## Items listed in a dataset
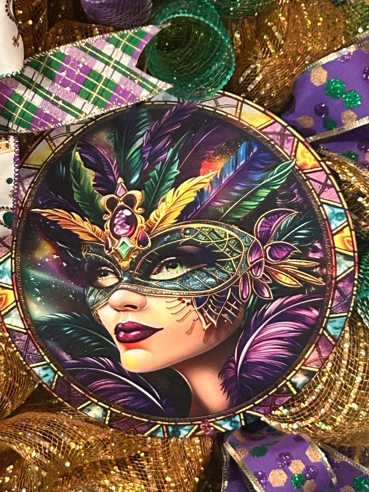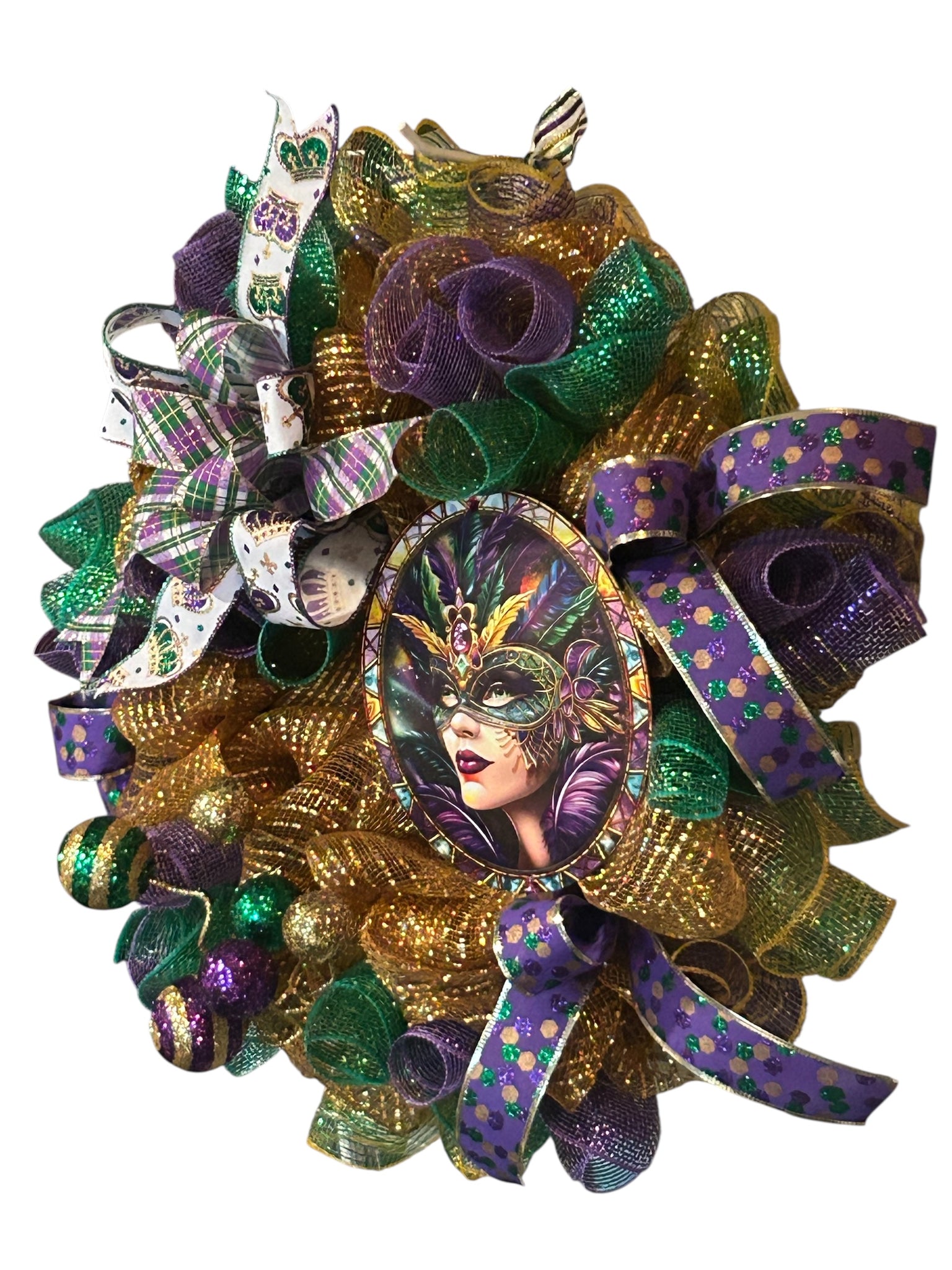 Decorate your space for Fat Tuesday in style with our festive Mardi Gras Decor. Let the good times roll and celebrate with our Mardi Gras Wreath. On a 12 inch metal wired wreath form, base is covered with gold metallic deco mesh and ruffles of multicolor mesh gold, green and purple. The Mardi Gras aluminum sign is 8 inches. Wreath is embellished with glitter Mardi Gras theme ball pick and ribbon tails and bow. Wreath is is approximately 22 inches.
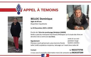 Dominique Belloc a disparu depuis le 23 décembre à Hérépian. Un appel à témoins a été lancé. Dominique Belloc, âgée de 64 ans, est introuvable depuis ce mardi 23 décembre aux alentours de 10h30. D’après Midi Libre, Dominique Belloc revenait d’un week-end à Lamalou-les-Bains avec son mari. Sur le che
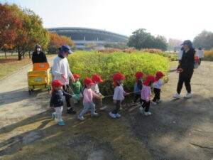 どんぐり・落ち葉拾いをして真剣に自分のバッグへ集めていました。
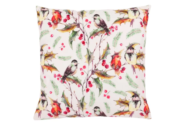 Dekoračná obliečka na vankúš o rozmere 45×45 cm je ideálna pre štandardné vankúše. Obliečka je vyrobená z polyesteru, ktorý má vzhľad zamatu, a preto je jeho povrch hebký na dotyk. Zimný vianočný motív vtáčikov vnesie do každého interiéru sviatočnú atmosféru a veselú náladu.
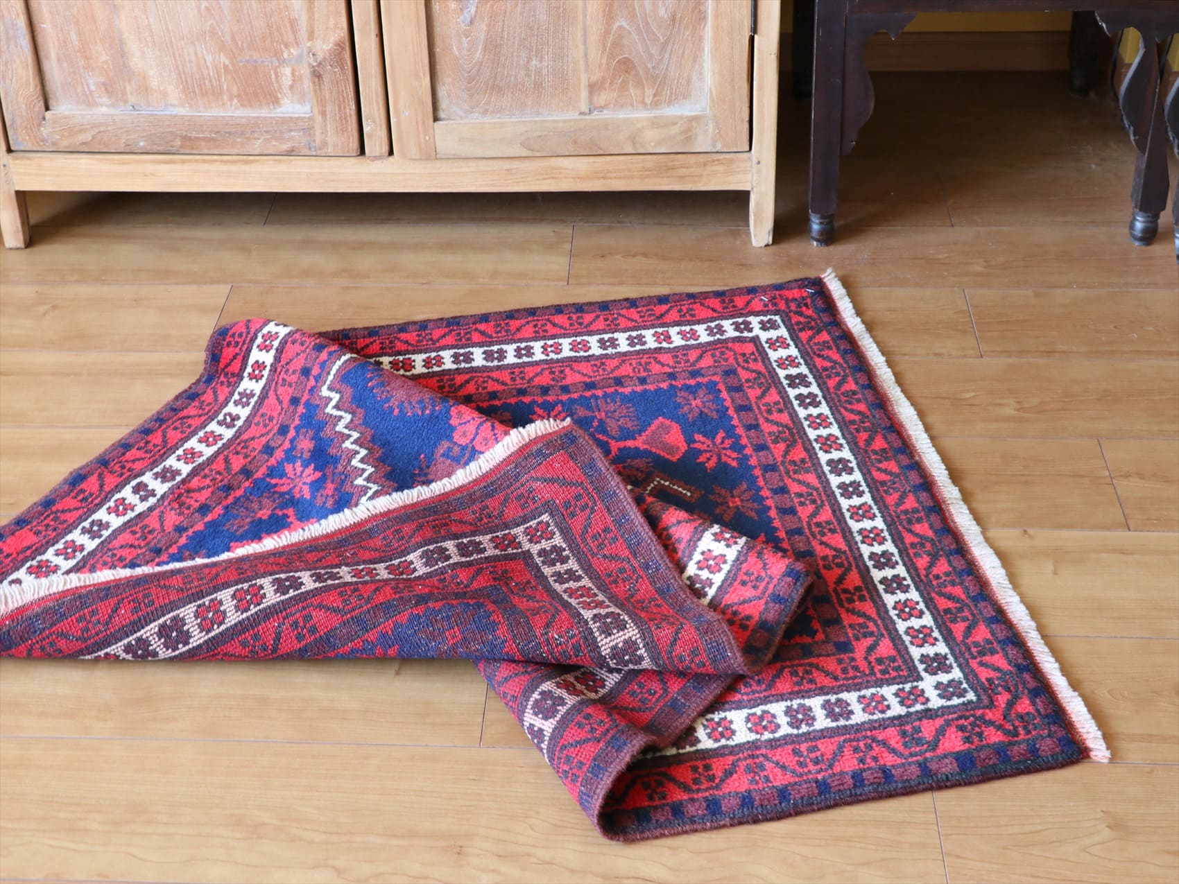 トルコじゅうたん エリアラグ ヤージベディル128×77cm ネイビー&レッド
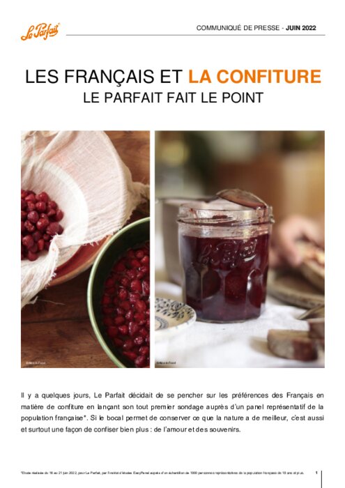 Sondage 2022 : les Français et la confiture (Le Parfait)
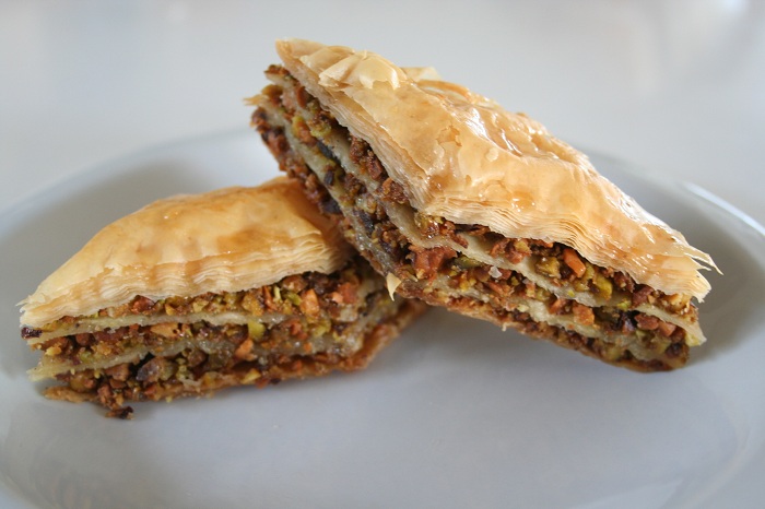 One of his favorite desserts is Baklava. He loves the crispy, buttery layers of phylo as well as the chopped nuts.
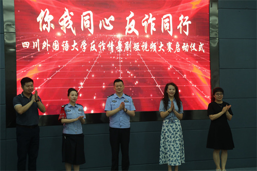 6月14日,四川外国语大学“你我同心,反诈同行”短视频大赛启动仪式暨发布会在歌乐楼A栋三楼报告厅举行。本次大赛由学校党委保卫部、党委宣传部、党委学生工作部、校团委、沙坪坝区童家桥派出所主办,国际法学与社会学院承办。我校副校长卢波,相关职能部门、各二级学院负责人,学生组织代表以及沙坪坝区公安局、沙坪坝区童家桥派出所的代表等近百人参加了启动仪式。
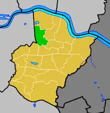 Lesnes Abbey gives its name to one of the London Borough of Bexley's 21 electoral wards. The ruins themselves are in the north of Lesnes Abbey ward. Woolwich Road, the A206 road, cuts through the middle of the ward spanning east to west; the A2041 road spans north to south marking the ward's western boundary. West Heath is located within the ward to the south of Woolwich road. Lesnes Abbey ward is 2.5 km (1.6 mi) long north to south at its longest point, and little under 1.5 km (0.93 mi) at its widest point east to east. The population of the ward at the 2011 census was 11,346.[8]

## Goal of the exercise
Repeat every record above exactly. Omit the pictures.

## Solution
 Decorate your space for Fat Tuesday in style with our festive Mardi Gras Decor. Let the good times roll and celebrate with our Mardi Gras Wreath. On a 12 inch metal wired wreath form, base is covered with gold metallic deco mesh and ruffles of multicolor mesh gold, green and purple. The Mardi Gras aluminum sign is 8 inches. Wreath is embellished with glitter Mardi Gras theme ball pick and ribbon tails and bow. Wreath is is approximately 22 inches.
 Dominique Belloc a disparu depuis le 23 décembre à Hérépian. Un appel à témoins a été lancé. Dominique Belloc, âgée de 64 ans, est introuvable depuis ce mardi 23 décembre aux alentours de 10h30. D’après Midi Libre, Dominique Belloc revenait d’un week-end à Lamalou-les-Bains avec son mari. Sur le che
 どんぐり・落ち葉拾いをして真剣に自分のバッグへ集めていました。
 Dekoračná obliečka na vankúš o rozmere 45×45 cm je ideálna pre štandardné vankúše. Obliečka je vyrobená z polyesteru, ktorý má vzhľad zamatu, a preto je jeho povrch hebký na dotyk. Zimný vianočný motív vtáčikov vnesie do každého interiéru sviatočnú atmosféru a veselú náladu.
 トルコじゅうたん エリアラグ ヤージベディル128×77cm ネイビー&レッド
 Sondage 2022 : les Français et la confiture (Le Parfait)
 One of his favorite desserts is Baklava. He loves the crispy, buttery layers of phylo as well as the chopped nuts.
 6月14日,四川外国语大学“你我同心,反诈同行”短视频大赛启动仪式暨发布会在歌乐楼A栋三楼报告厅举行。本次大赛由学校党委保卫部、党委宣传部、党委学生工作部、校团委、沙坪坝区童家桥派出所主办,国际法学与社会学院承办。我校副校长卢波,相关职能部门、各二级学院负责人,学生组织代表以及沙坪坝区公安局、沙坪坝区童家桥派出所的代表等近百人参加了启动仪式。
 Lesnes Abbey gives its name to one of the London Borough of Bexley's 21 electoral wards. The ruins themselves are in the north of Lesnes Abbey ward. Woolwich Road, the A206 road, cuts through the middle of the ward spanning east to west; the A2041 road spans north to south marking the ward's western boundary. West Heath is located within the ward to the south of Woolwich road. Lesnes Abbey ward is 2.5 km (1.6 mi) long north to south at its longest point, and little under 1.5 km (0.93 mi) at its widest point east to east. The population of the ward at the 2011 census was 11,346.[8]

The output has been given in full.